BB is incredulous. "Detective, are you actually saying these things out loud? Surely you cannot be serious!"
       
"I have never been more serious in my life. I'm so serious, I should have my own satellite radio corporation. And my name's not Shirley. Actually, my sister's name is but ---" Kopp suddenly hears himself, snapping back to a less ridiculous approach.
       
"Let's come at this another way. We have physical evidence linking you to the crime."
       
BB calmly asks, "Such as?"
       
Stroking his facial stubble, Kopp smugly grins. "The gun. And not just any kind of gun. A BB gun." He pauses for dramatic effect. "So BB, have you been missing your BB gun? That's right - your name is literally all over this thing."
       
"Detective, are you feeling okay? Or is this some sort of comedy bit? I mean, when does the camera crew jump out?"
       
"Oh there are cameras all right. Don't you worry about that. But there's nothing funny about this process, and I don't find comedy in what you did."
       
The two creatures glare at each other. Finally, BB breaks the painfully-awkward silence. "Detective, I know you have a job to do.
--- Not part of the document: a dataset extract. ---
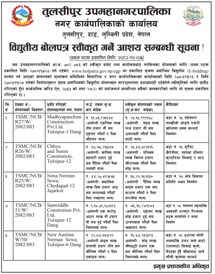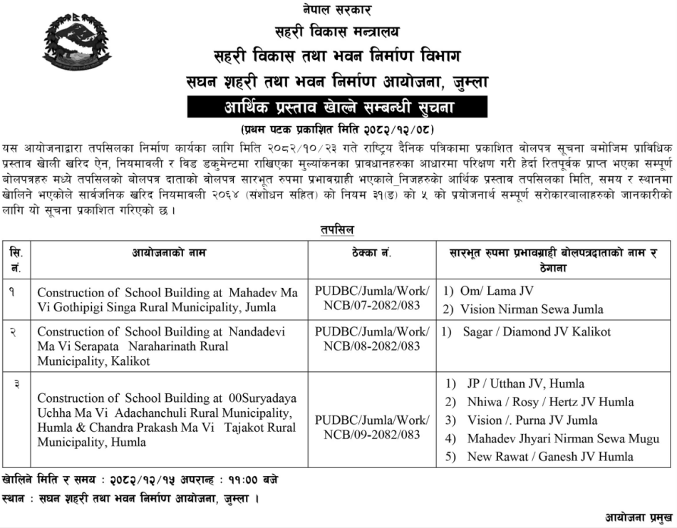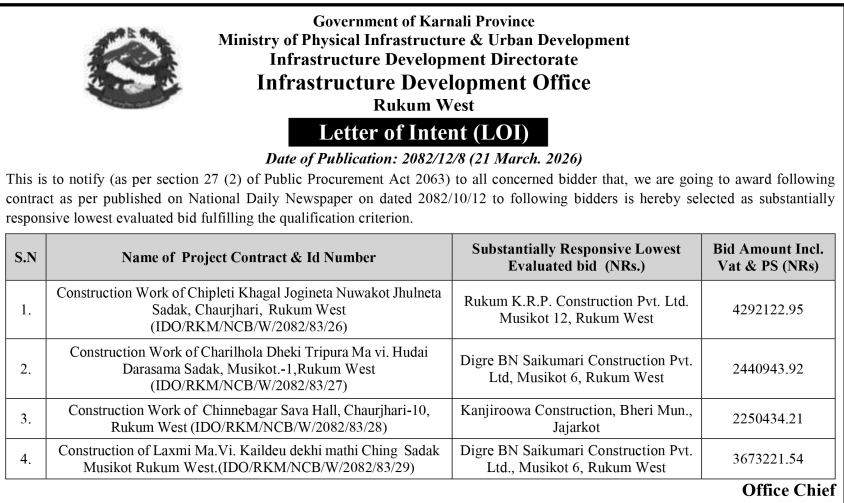 | 51 | Chandannath Municipality , Jumla | Ranarawat Hudai Panimul Sadak Nirman | 20/03/2026 | PPMO | 05/04/2026 | Click Here | |

But I can't give you what you want, because I simply didn't do it. I am only a bird. And a lovebird at that." He begins whistling a vaguely-familiar tune to Kopp's ears. Then he recites some of the lyrics with a slight alteration.
       
🎵 "Just a good ol' bird. Never meaning no harm. Making my way the only way I know how."
       
Kopp extends a finger in the direction of the door. "Get out."